Task to carry out => Using the data below, return the stretch from the line that contains "Премьер-министр Биньямин Нетаньяху" through the line that contains "点击文字跳转至日照银行股份有限公司烟台分行招聘公告", both included, exactly as it stands and nothing beyond it.

Data extract =>
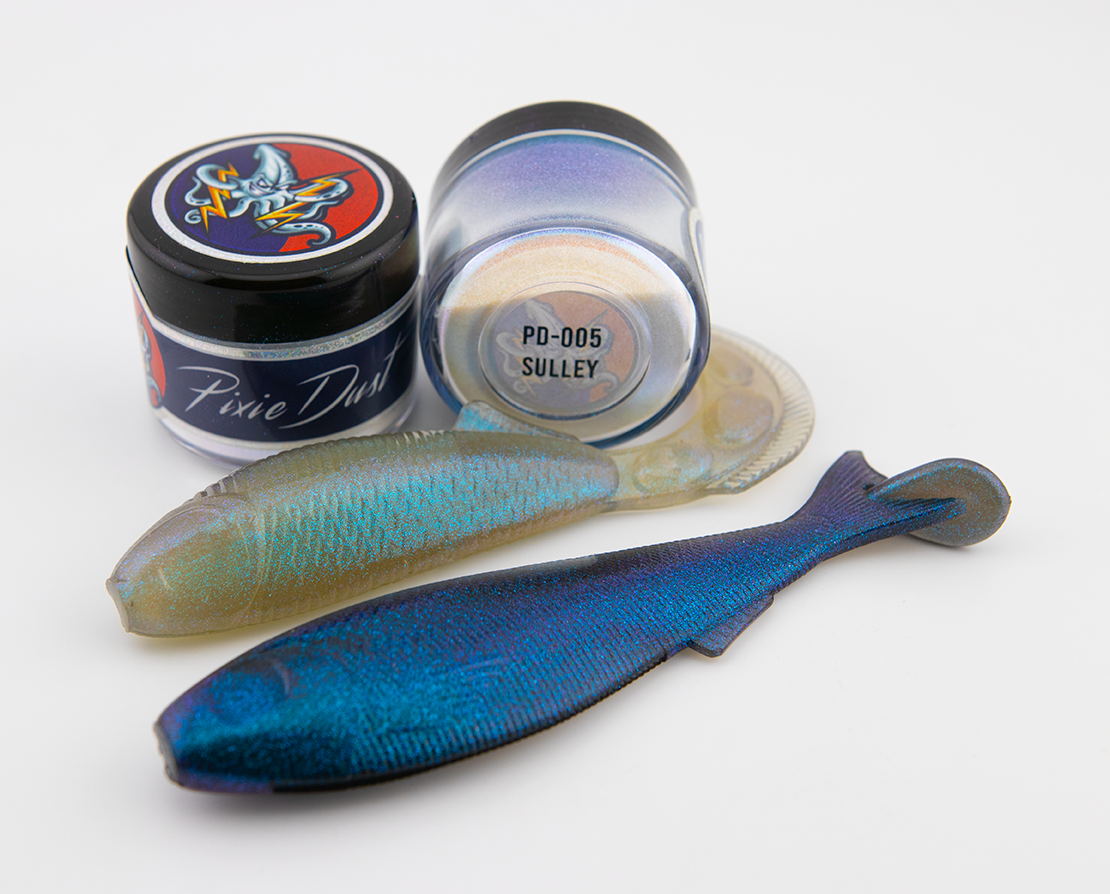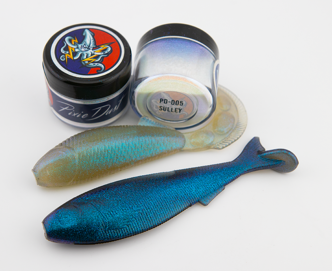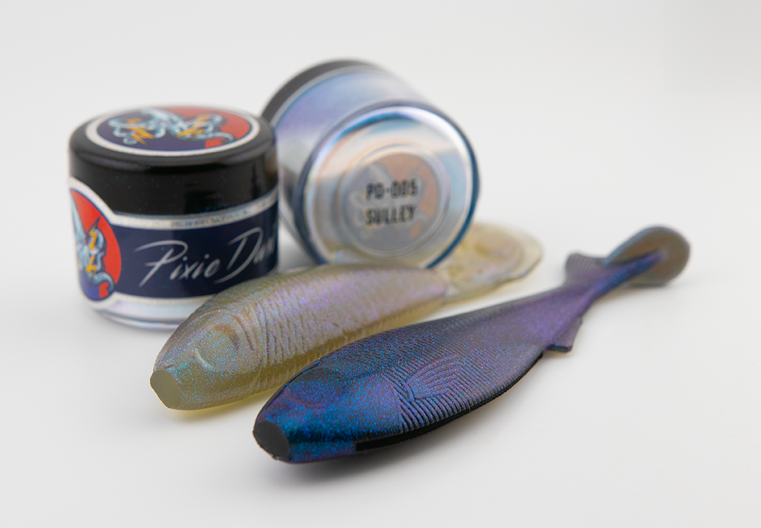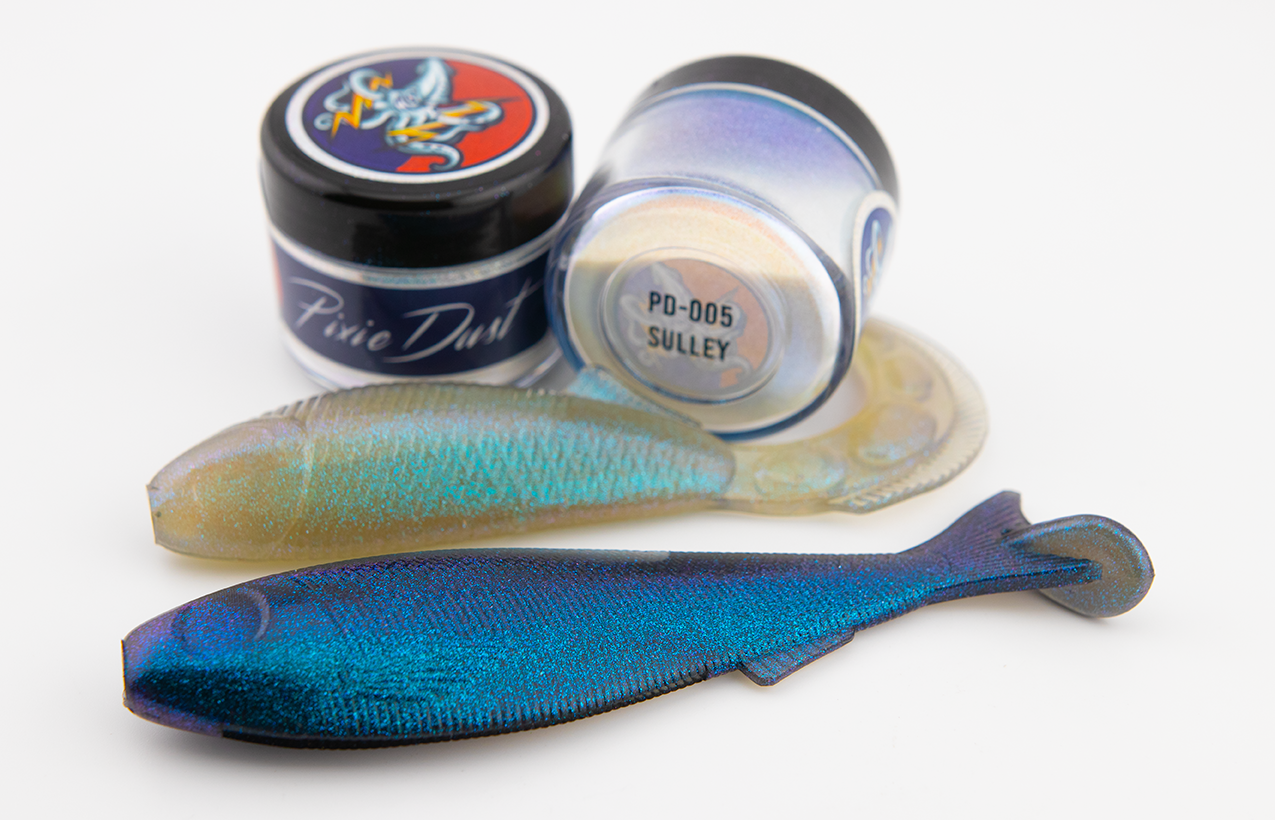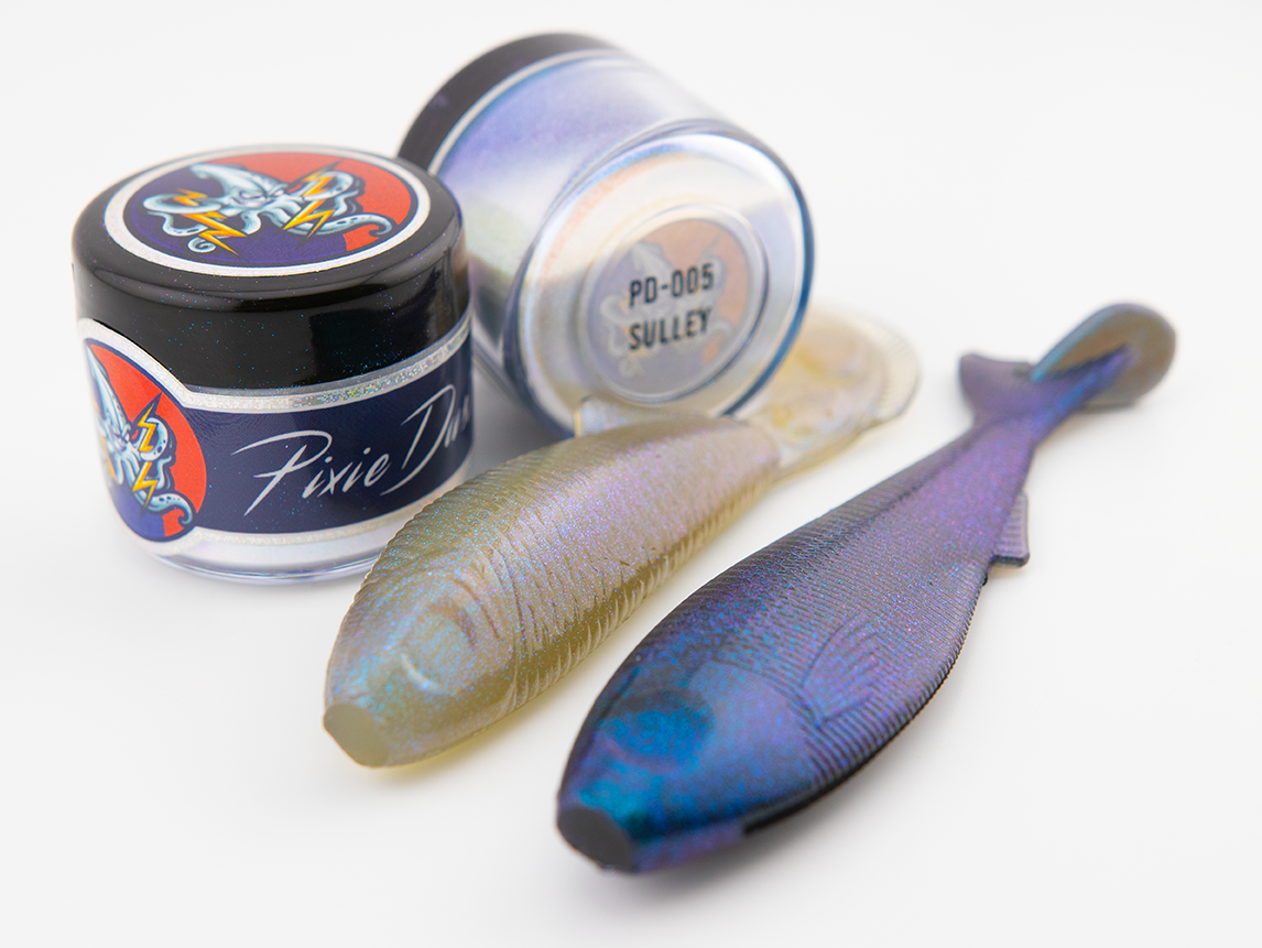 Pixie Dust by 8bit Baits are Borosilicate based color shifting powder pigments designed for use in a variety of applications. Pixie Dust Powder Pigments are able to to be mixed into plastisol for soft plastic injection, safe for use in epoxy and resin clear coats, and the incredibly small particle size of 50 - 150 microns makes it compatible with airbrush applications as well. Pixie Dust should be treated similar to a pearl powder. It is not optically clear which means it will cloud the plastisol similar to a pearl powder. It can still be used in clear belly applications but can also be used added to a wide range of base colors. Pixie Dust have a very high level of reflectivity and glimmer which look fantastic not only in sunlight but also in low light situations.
...
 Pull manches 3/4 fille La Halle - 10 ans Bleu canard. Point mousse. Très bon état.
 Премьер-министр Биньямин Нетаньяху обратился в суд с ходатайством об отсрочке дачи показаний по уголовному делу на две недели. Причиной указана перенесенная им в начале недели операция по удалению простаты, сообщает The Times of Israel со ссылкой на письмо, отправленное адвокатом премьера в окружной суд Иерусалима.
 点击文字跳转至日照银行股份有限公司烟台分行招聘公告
...
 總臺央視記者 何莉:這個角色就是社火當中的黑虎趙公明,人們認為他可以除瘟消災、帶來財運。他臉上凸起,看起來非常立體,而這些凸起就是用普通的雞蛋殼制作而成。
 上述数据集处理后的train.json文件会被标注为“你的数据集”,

Solved exercise =>
 Премьер-министр Биньямин Нетаньяху обратился в суд с ходатайством об отсрочке дачи показаний по уголовному делу на две недели. Причиной указана перенесенная им в начале недели операция по удалению простаты, сообщает The Times of Israel со ссылкой на письмо, отправленное адвокатом премьера в окружной суд Иерусалима.
 点击文字跳转至日照银行股份有限公司烟台分行招聘公告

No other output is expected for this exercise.